Premature end of Content-Length delimited message body

When restoring a snapshot, we've seen failures where it appears that data being loaded from thanos-swift into elasticsearch doesn't make it all the way there. Elasticsearch will make multiple attempts to restore the shard and each time it will get a different amount of data that doesn't match the expected index size. We don't know exactly which values made it work, but a successful snapshot/restore of a 32 shard, 1+TB index was taken with aggressively setting these values quite low, to a chunk_size of 50mb and max_restore_bytes_per_sec pulled down to 10mb in a 6 node cluster. Note that when using chunk_size less than 100mb buffer_size has to be reduced to match. It is likely these values could be somewhere between these values and the defaults, but we haven't experimented yet.

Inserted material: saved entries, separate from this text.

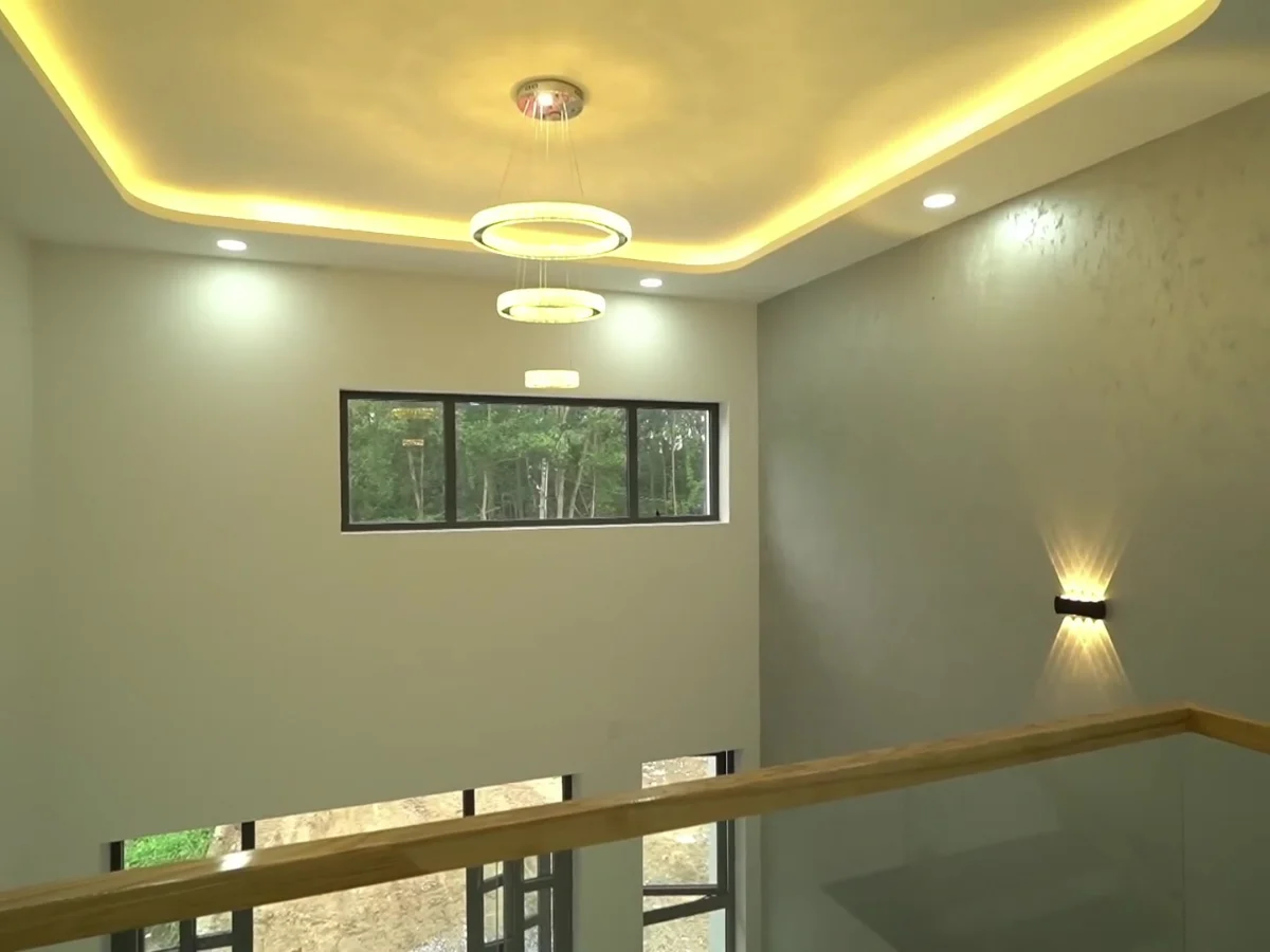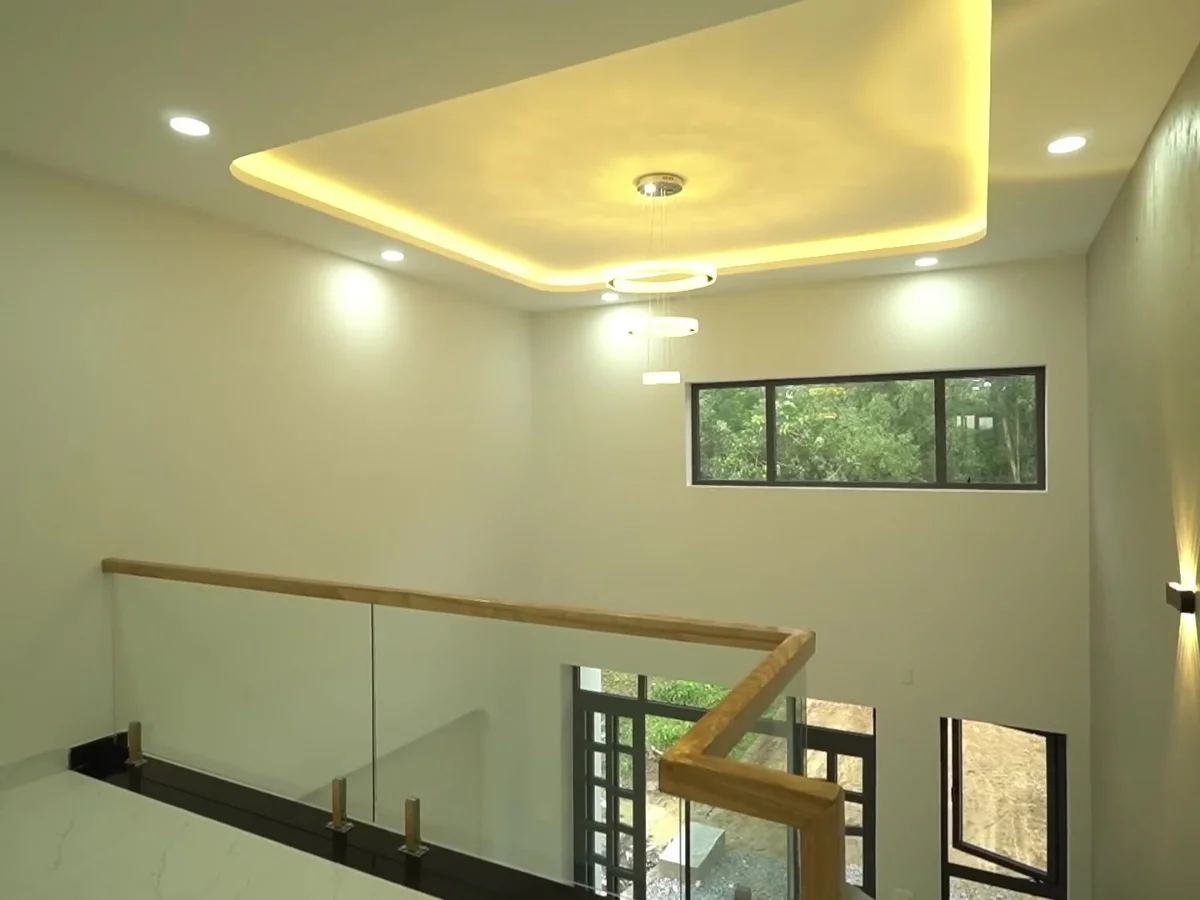Hành lang tầng lửng được bố trí cửa sổ lấy sáng cho cả không gian lối đi.
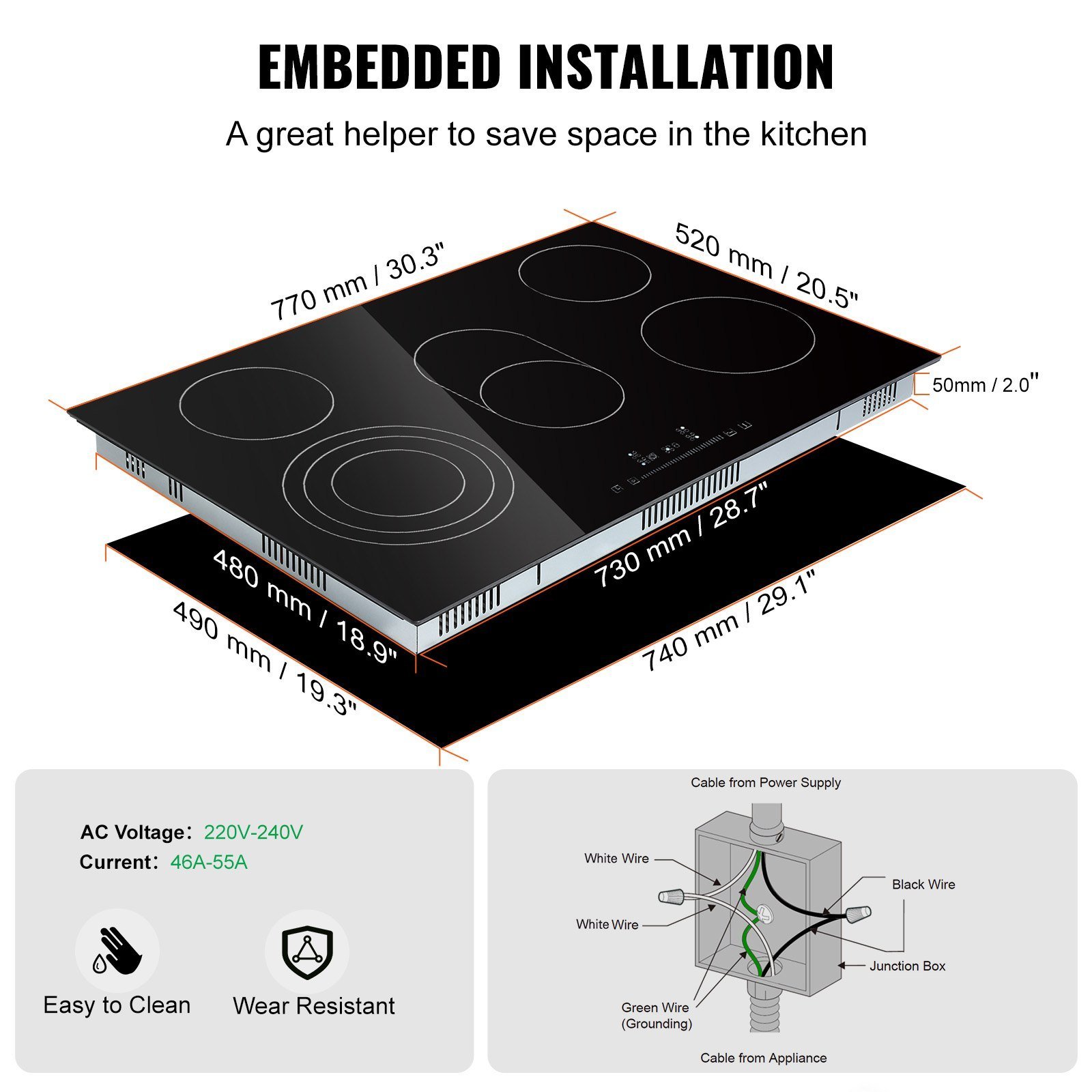 Highlights: 1.Separate Cooking Zones: Our ceramic cooktop features 5 independent cooking zones with a total power of 8600W. The surface of our radiant cooktop is made of glass, ensuring that it is heat-proof and easy to clean. Besides, the body has excellent heat dissipation and is sturdy & durable for long-term usage. This cooktop is your best choice for a high-quality cooking experience. 2.Digital Sensor Touch Controls: Our built-in electric stovetop has 9 heating power levels. With a temperature control, it allows you to precisely switch into different levels from boil to simmer. In addition, the 1-99min timer is equipped, making cooking easy and enjoyable. Set the power and timer and let the cooktop do the rest. This sensor touch control panel is ideal for achieving accurate cooking effects. 3.Works with Any Cookwares: It is free for you to use any cookware with this electric radiant cooktop, such as aluminum pans, copper pans, cast iron frying pans, and non-magnetic stainless steel pans. You can cook with 5 stoves simultaneously, providing more efficiency. 4.Multiple Safeguard Functions: This electric stovetop contains various functions for enhanced security. The child security lock avoids accidental touching, while the overheat protection and auto shut-off function keep you from unexpected dangers. No high-frequency radiation allows you to use it with confidence. In addition, when high heat remains on the surface, the residual heat reminder will indicate you, averting hand scald during cleaning. 5.Built-in Design: With the 29.1x19.2-inch cutout size, this 30.3x20.5 inch cooktop adopts a built-in design, convenient for you to install and saves your kitchen space. Suitable for voltages of 220-240V, 50/60Hz.
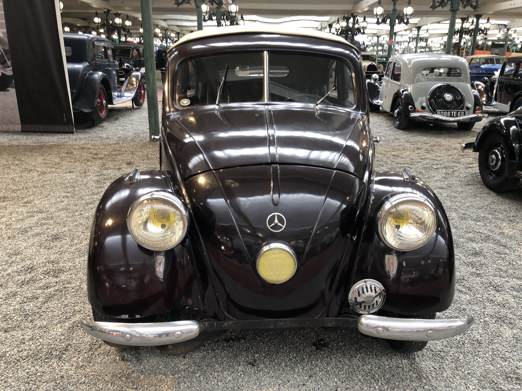 Stromlinienformen dominieren dann ab den 1930er Jahren das Design der Autos. Einige Kuriositäten sind auch darunter, so beispielsweise ein Käfer mit einem Mercedes Stern. Und Ja, es handelt sich beim Konstrukteur um Ferdinand Porsche, der 1937 im Auftrag von Daimler-Benz dieses Fahrzeug baute.
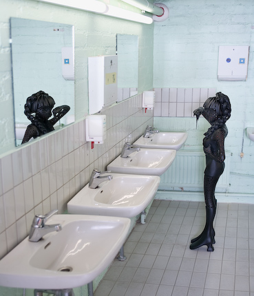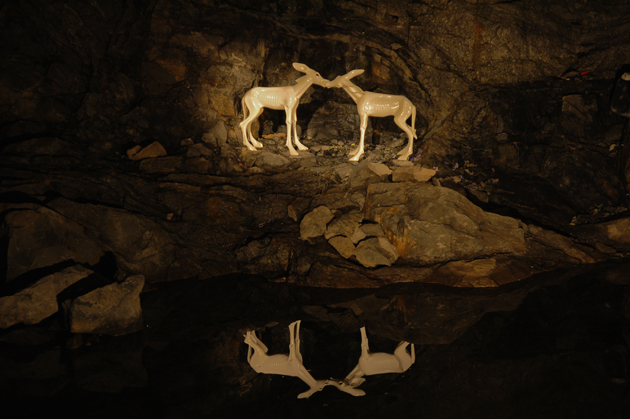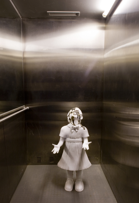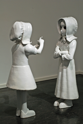 Kim Simonsoon is a young Finnish sculptor who lives in Helsinki. He makes striking ceramic sculptures of cute, big-eyed young girls and deer, derived from Japanese manga comics. His work questions the role of the child and nature in the modern world.
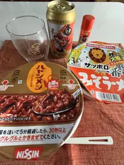 今日のランチと昼飲み🍺 今日はお休み🎶特に予定もないし     お天気もいいのでランチに        出かけようかと思ったけど        外は思ったより寒いし😨         着替えるのも面倒なんで         パジャマのまま🏠でカップハヤシメシと  ラーメンで昼飲み🍺しちゃいました❣️見事完食🎶気がつけば3本
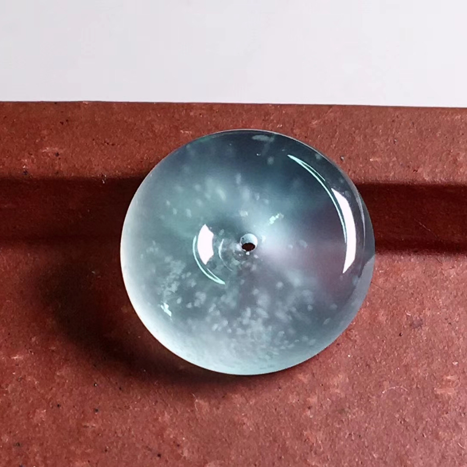 (超值推荐)糯冰种翠色翡翠平安扣挂件(金扣)
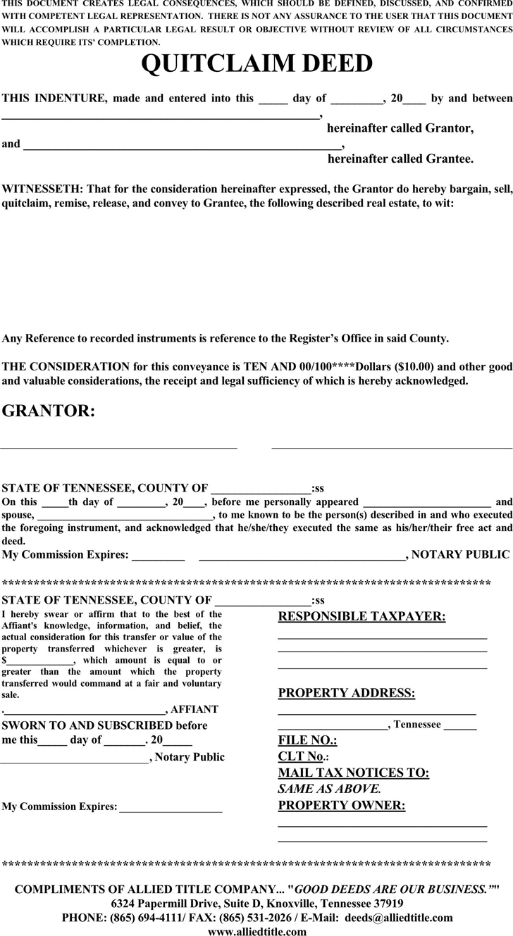 Looking for a blank quit claim deed Tennessee printable form? You’re in the right place! This legal document allows the transfer of property between parties without any warranties. It’s a simple and straightforward process that can be done quickly and efficiently.
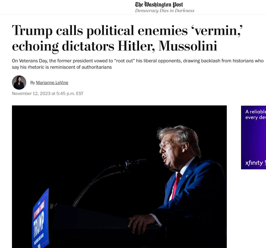 Washington Post: Trump calls political enemies ‘vermin,’ echoing dictators Hitler, Mussolini
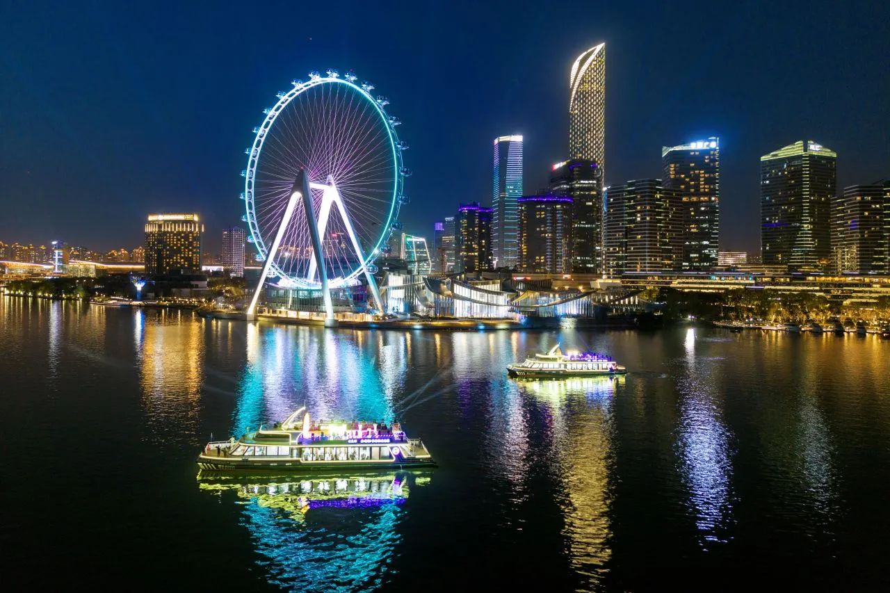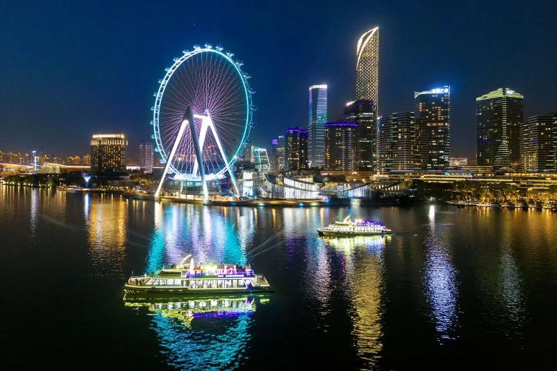 如果說“蘇州之眼”是天空的詩篇,那么右岸新航線就是水面的畫卷。夜幕降臨,“蘇州之眼”摩天輪星光閃耀,金雞湖雙體新游船霓虹流轉,水岸光影交相輝映,為園區(qū)這座現(xiàn)代化新城更添了幾分夢幻與浪漫色彩,令人流連忘返。

index.routing.allocation.total_shards_per_node

When moving an index between clusters it will, by default, load into the new cluster with the total_shards_per_node value that was appropriate to the source cluster but may not be appropriate to the target cluster. If a restore is attempted to a smaller cluster than the source without changing this value the snapshot will eventually fail with an allocation_explanation, from /_cluster/allocation/explain, of cannot allocate because allocation is not permitted to any of the nodes. This value needs to be overridden in the index_settings section of the snapshot restore api call.